我开始写一个很长的答案,准确描述它是如何工作的,然后意识到,我可能对确切的细节知之甚少。所以我会做一个简短的回答......
So, when you write something on one processor, if it's not already in that processors cache, it will have to be fetched in, and after the processor has read the data, it will perform the actual write. In doing so, it will send a cache-invalidate message to ALL other processors in the system. These will then throw away any content. If another processor has "dirty" content, it will in itself write out the data, and ask for an invalidation - in which case the first processor will have to RELOAD the data before finishing its write (otherwise, some other element in the same cacheline may get destroyed).
Reading it back into the cache will be required on every other processor that is interested in that cache-line.

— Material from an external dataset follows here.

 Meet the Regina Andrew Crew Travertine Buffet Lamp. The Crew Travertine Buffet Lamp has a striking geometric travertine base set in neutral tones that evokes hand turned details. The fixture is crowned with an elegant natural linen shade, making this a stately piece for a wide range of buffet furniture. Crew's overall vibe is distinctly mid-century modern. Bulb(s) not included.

The __sync_fetch_and_add() wilol use a "lock" prefix [on x86, other processors may vary, but the general idea on processors that support "per instruction" locks is roughtly the same] - this will issue a "I want this cacheline EXCLUSIVELY, everyone else please give it up and invalidate it". Just like the first case, the processor may well have to re-read anything that another processor may have made dirty.

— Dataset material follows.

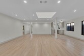 Modern day sophistication meets rustic charm in this beautifully redefined and exquisitely remodeled Ranch style home in Studio City. Light and bright open spaces allow for natural light, centered around a majestic skylight in the living room area. Expansive living room with hardwood floors and recessed lights provides an open floor plan that flows seamlessly to kitchen, dining area, and den. Sun filled galley kitchen with stainless steel appliances, soft close drawers/cabinets, quartz counter tops, and weathered brick tile floors. Kitchen is adjacent to laundry room with ample storage space, washer/dryer with topper for folding clothes and allows for direct access to two-car garage. Kitchen also overlooks quaint dining area with double sided see through decorative fireplace and leads to cozy den with high wood beamed ceilings, wood paneling and sliding door that leads to backyard. Versatile floor plan features three bedrooms and two bathrooms on the South wing of the home. Primary suite with walk-in closet, sliding door overlooking the pool and primary bathroom with tiled walk-in shower stall, double vanity sinks and soft close drawers/cabinets. Two additional well-sized bedrooms, one with built-in desk, are adjoined by an elegantly remodeled guest bathroom dual sinks and large walk-in shower stall with custom tile work. Fourth ensuite bedroom with full tub is perfect for extended family, gym, or home office. Additional features include newly updated windows and tankless water heater. Relaxing backyard with covered patio and sparkling pool round out this remodeled home in an ideal location of Studio City, just minutes from Ventura Blvd, where premier dining and boutique shopping meet proximity to major studios and top-tier schools.

A memory barrier will not ensure that data is updated "safely" - it will just make sure that "whatever happened (to memory) before now is visible to all processors by the time this instructon finishes".

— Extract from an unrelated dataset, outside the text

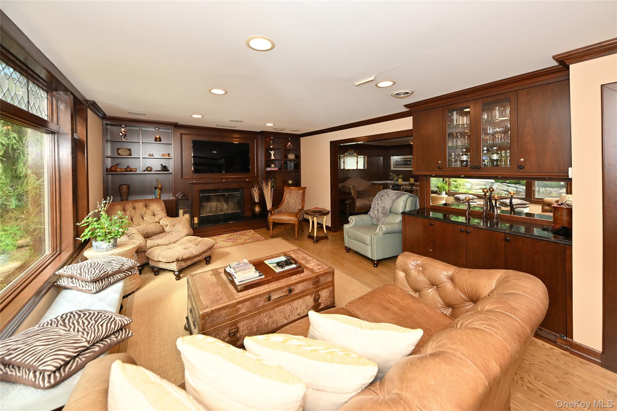 Welcome to this Stunning Colonial, blending luxury and exceptional amenities with natural beauty. Set on over an acre of lush, mature landscaping, this property is designed for both relaxation and entertaining. At its heart, a magnificent pool with built-in spa and waterfall feature is surrounded by an expansive Tennessee paver deck. The outdoor kitchen—complete with grill, sink, and refrigerator—matches the stonework of the pool area for a seamless look. A pool house cabana with two changing areas and a full bath enhances convenience, while an oversized stucco-finished storage shed offers additional space. The grounds are fully enclosed with aluminum fencing, highlighted by evening accent lighting, and complemented by a soothing waterfall. A fully paved circular driveway with ample parking leads to the home’s double-door entry. Inside, you’re welcomed by an inviting foyer. The elegant dining room features wood flooring and wainscoting, while the expansive living room showcases custom Manhattan cabinetry and hardwood floors. The family room, with its stunning oversized leaded-glass window overlooking the beautiful yard, includes custom built-ins, surround sound, and a wood-burning fireplace. The adjoining kitchen offers gas range with grill, granite counter, with opening to family room plus sliding doors to the patio. Not to be missed is the great room, an ideal space for family gatherings with its cathedral ceiling, two skylights, and recessed lighting. Upstairs, the spacious primary suite includes a full bath and walk-in closet. Three additional bedrooms, full bath and a sunlit landing with skylight complete the level. The fully finished lower level provides a versatile living area with seated built-ins, a large laundry room, plenty of storage, a large bonus room, with adjacent wet bar plus a travertine-tiled full bath not to be missed! With over 4, 000 sq ft of finished living space, including the lower level, this home is as functional as it is beautiful. A true retreat inside and out—this property must be seen!

The best way to optimize the use of processors is to share as little as possible, and in particular, avoid "false sharing". In a benchmark many years ago, there was a structure like [simplifed] this:
struct stuff {
int x[2];
... other data ... total data a few cachelines.
} data;
void thread1()
{
for( ... big number ...)
data.x[0]++;
}
void thread2()
{
for( ... big number ...)
data.x[1]++;
}
int main()
{
start = timenow();
create(thread1);
create(thread2);
end = timenow() - start;
}
Since EVERY time thread1 wrote to the x[0], thread2's processor had to get rid of it's copy of x[1], and vice versa, the result is was that the SMP test [vs just running thread1] was running about 15 times slower. By altering the struct like this:
struct stuff {
int x;
... other data ...
} data[2];
and
void thread1()
{
for( ... big number ...)
data[0].x++;
}
we got 200% of the 1 thread variant [give or take a few percent]
Right, so the processor has queues of buffers where write operations are stored when the processor is writing to memory. A memory barrier (mfence, sfence or lfence) instruction is there to ensure that any outstanding read/write, write or read type operation has completely been finished before the processor proceeds to the next instruction. Normally, the processor would just continue on it's jolly way through any following instructions, and eventualy the memory operation becomes fulfilled some way or another. Since modern processors have a lot of parallel operations and buffers all over the place, it can take quite some time before something ACTUALLY trickles through to where it eventually will end up. So, when it's CRITICAL to make sure that something has ACTUALLY been done before proceeding (for example, if we have written a bunch of instructions to the video memory, and we now want to kick off the run of those instructions, we need to make sure that the 'instruction' writing has actually finished, and some other part of the processor isn't still working on finishing that. So use an sfence
to make sure that the write has really happened - that may not be a very realistic example, but I think you get the idea.)